Rendang memiliki posisi terhormat dalam
budaya masyarakat Minangkabau. Rendang memiliki filosofi tersendiri bagi
masyarakat Minang Sumatera Barat, yaitu musyawarah dan mufakat, yang berangkat
dari empat bahan pokok yang melambangkan keutuhan masyarakat Minang, yaitu:
Dagiang (daging sapi), merupakan lambang dari
“Niniak Mamak” (para pemimpin Suku adat).
Karambia (kelapa), merupakan lambang “Cadiak
Pandai” (kaum Intelektual).
Lado (cabai), merupakan lambang “Alim Ulama”
yang pedas, tegas untuk mengajarkan syariat agama.
Pemasak (bumbu), merupakan lambang dari
keseluruhan masyarakat Minangkabau.
Dalam tradisi Minangkabau, rendang adalah
hidangan yang wajib disajikan dalam setiap perhelatan istimewa, seperti
berbagai upacara adat Minangkabau, kenduri, atau menyambut tamu kehormatan.
Dalam tradisi Melayu, baik di Riau, Jambi,
Medan atau Semenanjung Malaya, rendang adalah hidangan istimewa yang dihidangkan
dalam kenduri khitanan, ulang tahun, pernikahan, barzanji, atau perhelatan
keagamaan, seperti Idul Fitri dan Idul Qurban.
Zaman berganti, tahun demi tahun terus
bergulir. Kepopuleran rendang terus bertambah. Semakin meluas dibawa oleh orang
Minang yang menyebar ke seluruh penjuru nusantara, bahkan menjelajah dunia.

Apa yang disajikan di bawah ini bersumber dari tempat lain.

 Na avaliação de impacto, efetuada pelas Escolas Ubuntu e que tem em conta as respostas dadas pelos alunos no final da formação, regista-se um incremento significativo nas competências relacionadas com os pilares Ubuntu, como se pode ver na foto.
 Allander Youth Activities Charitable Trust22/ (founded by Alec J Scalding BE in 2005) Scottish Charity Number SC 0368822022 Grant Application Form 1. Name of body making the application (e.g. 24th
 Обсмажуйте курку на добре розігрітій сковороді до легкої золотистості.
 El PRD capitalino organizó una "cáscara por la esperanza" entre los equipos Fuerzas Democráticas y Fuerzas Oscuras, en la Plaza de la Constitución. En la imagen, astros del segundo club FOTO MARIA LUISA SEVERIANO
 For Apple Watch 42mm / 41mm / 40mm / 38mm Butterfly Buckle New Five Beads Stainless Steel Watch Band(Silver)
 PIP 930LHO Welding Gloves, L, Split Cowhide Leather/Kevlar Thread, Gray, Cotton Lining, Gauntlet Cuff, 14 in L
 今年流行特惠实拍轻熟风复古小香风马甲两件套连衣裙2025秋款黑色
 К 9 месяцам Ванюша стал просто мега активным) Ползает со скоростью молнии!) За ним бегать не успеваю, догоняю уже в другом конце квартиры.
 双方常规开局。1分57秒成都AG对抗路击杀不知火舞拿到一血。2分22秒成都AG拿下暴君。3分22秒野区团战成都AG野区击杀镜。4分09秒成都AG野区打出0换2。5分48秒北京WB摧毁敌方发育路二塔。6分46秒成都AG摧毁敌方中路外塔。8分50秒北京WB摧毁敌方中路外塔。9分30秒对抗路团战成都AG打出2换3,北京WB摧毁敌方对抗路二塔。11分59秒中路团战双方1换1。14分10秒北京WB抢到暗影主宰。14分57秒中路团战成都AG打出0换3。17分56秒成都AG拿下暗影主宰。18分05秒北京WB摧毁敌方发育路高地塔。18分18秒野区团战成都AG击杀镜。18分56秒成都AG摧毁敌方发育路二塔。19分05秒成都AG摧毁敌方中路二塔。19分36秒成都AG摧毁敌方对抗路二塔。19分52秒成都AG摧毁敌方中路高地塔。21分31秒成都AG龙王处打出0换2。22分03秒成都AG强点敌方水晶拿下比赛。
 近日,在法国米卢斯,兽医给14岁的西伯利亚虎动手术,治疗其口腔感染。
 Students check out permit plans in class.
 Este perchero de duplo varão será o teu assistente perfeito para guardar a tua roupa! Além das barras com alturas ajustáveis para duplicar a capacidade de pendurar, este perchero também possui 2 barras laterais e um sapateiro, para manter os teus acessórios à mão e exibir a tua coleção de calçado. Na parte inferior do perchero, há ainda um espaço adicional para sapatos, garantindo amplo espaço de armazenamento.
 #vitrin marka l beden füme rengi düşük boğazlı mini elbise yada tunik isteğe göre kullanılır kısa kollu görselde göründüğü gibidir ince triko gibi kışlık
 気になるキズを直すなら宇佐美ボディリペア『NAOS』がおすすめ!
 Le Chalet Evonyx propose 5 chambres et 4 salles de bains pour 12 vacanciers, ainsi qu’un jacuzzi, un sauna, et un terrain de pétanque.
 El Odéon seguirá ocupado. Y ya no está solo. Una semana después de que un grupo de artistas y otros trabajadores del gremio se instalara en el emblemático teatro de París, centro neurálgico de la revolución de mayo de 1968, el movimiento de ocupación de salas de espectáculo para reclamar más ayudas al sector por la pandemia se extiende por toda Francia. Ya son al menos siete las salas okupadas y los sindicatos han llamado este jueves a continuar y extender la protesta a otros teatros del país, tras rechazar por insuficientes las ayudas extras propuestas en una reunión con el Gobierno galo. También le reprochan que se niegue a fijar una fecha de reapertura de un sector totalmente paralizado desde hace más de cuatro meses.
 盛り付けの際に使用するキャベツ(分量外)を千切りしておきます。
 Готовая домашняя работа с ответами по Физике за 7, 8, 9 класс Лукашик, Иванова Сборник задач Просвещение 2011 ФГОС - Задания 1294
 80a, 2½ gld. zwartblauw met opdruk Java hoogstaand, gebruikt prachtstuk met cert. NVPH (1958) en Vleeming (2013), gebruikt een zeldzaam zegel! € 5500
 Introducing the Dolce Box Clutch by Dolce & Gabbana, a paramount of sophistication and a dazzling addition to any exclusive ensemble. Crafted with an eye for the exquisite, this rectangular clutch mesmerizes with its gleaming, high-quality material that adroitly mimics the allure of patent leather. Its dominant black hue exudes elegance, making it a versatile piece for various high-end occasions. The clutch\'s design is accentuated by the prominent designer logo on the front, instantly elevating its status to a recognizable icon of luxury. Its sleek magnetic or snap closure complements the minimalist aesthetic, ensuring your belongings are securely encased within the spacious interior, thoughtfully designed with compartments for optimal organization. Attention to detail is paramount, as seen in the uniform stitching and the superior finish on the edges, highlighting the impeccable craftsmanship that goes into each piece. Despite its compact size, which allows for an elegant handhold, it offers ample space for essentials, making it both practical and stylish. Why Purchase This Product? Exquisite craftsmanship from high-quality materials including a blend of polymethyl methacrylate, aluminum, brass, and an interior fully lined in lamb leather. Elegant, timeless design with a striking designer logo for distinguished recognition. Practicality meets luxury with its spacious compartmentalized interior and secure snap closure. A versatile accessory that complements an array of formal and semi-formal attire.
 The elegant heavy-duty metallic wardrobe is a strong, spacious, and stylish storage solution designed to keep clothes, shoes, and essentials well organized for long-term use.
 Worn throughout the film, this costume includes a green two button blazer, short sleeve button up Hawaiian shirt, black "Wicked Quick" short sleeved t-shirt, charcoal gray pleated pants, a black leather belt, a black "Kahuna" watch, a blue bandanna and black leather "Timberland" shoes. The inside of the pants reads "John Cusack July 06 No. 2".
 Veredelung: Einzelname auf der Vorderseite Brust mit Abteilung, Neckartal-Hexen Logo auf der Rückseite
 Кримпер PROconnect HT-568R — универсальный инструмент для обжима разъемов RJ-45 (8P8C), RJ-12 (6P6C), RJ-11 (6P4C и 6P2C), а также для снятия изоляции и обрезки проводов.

Jenis rendang pun tidak lagi hanya menggunakan bahan dasar daging sapi. Rendang
ayam, rendang talua (telur), rendang lokan (sejenis kerang dara), rendang hati,
rendang belut dan rendang paru menjadi varian perkembangan rendang seiring
terjadinya asimilasi kebudayaan serta kebiasaan para pembuatnya.
Sekian sejarah singkat asal-usul rendang.
Semoga dapat menjadi manfaat dan menambah kekayaan khasanah ilmu kita mengenai
kebudayaan nusantara, khususnya di ranah kuliner.